Overview

Hortonworks Data Flow (HDF) released version 3.1 on February 1, 2018. HDF 3.1 includes Apache NiFi 1.5.0. NiFi 1.4.0 introduced improved Apache Ranger integration with NIFI-4032. The new integration has a bad RangerNiFiAuthorizer memory leak - NIFI-4925.

Debugging Apache NiFi RangerNiFiAuthorizer Memory Leak

We upgraded our development HDF 3.0 cluster to HDF 3.1 on February 22. After upgrading, we noticed that there was a significant increase in the amount of heap being used. Over teh course of less than a few hours, the heap usage exceeded 95% and the cluster became unresponsive. We started eliminating variables and made sure we hadn’t made any changes to our NiFi flows that had been working with HDF 3.0.

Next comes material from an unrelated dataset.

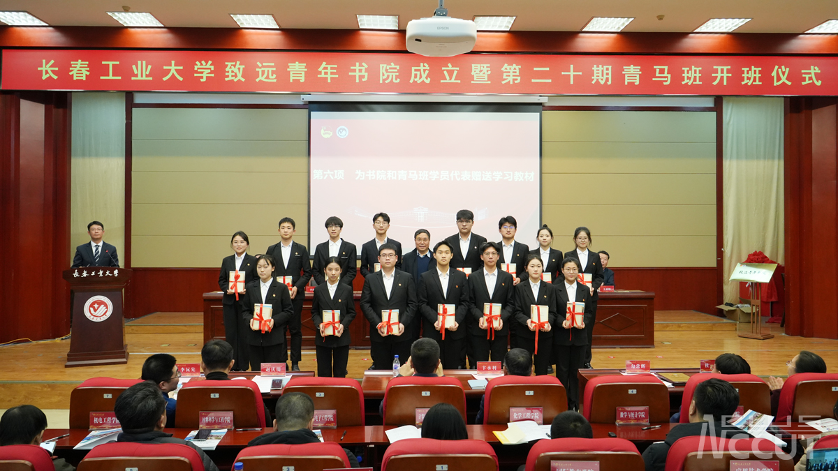 仪式上,马景惠与陈权共同为致远青年书院揭牌;李东玲为致远青年书院导师团颁发聘书;李廷吉为致远青年书院及青马班学员代表赠送学习教材;党委常委宣传部部长王亚坤宣读《长春工业大学致远青年书院首期培训班培养方案》;团委书记邵捷宣读《关于成立长春工业大学致远青年书院的决定》;长春致远新能源装备股份有限公司运营副总经理,机电工程学院97级校友勾常辉与数学与统计学院学生迟雯博分别作为导师代表和学员代表作交流发言。

By Tuesday 2/27, we had eliminated all potential confounding variables and started to investigate this as a potential NiFi bug. We gathered a heap dump on one of the nodes and ran an analysis on it. We found the following:

One instance of “org.apache.nifi.authorization.AuthorizerFactory$2” loaded by “org.apache.nifi.nar.NarClassLoader @ 0x3cd41a5c0” occupies 12,250,365,064 (84.18%) bytes. The memory is accumulated in one instance of “java.util.concurrent.ConcurrentHashMap$Node[]” loaded by “".

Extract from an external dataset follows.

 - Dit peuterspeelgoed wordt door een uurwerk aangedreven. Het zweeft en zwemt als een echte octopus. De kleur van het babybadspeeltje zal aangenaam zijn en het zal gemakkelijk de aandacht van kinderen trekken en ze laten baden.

The heap analysis report showed that the cause of the above message was a ConcurrentHashMap in the RangerNiFiAuthorizer class that had grown uncontrollably. The RangerNiFiAuthorizer class was introduced as part of NIFI-4032. The variable resultLookup was being added to and not necessarily being cleaned up.

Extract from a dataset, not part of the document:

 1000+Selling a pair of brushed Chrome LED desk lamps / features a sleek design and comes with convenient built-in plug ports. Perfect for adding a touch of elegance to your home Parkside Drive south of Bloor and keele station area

On Wednesday 2/28, we opened a support case with Hortonworks to try to fix this Apache NiFi bug. By Friday 3/2, Hortonworks had identified the issue and was working on a hot fix for us. This is being tracked publically as NIFI-4925.

What is next?

We are looking forward to NIFI-4925 being resolved quickly and applying the hot fix to our environment. A release of Apache NiFi 1.4.x and 1.5.x could also fix the open source versions of Apache NiFi. This could be included in a HDF 3.1.x release as well.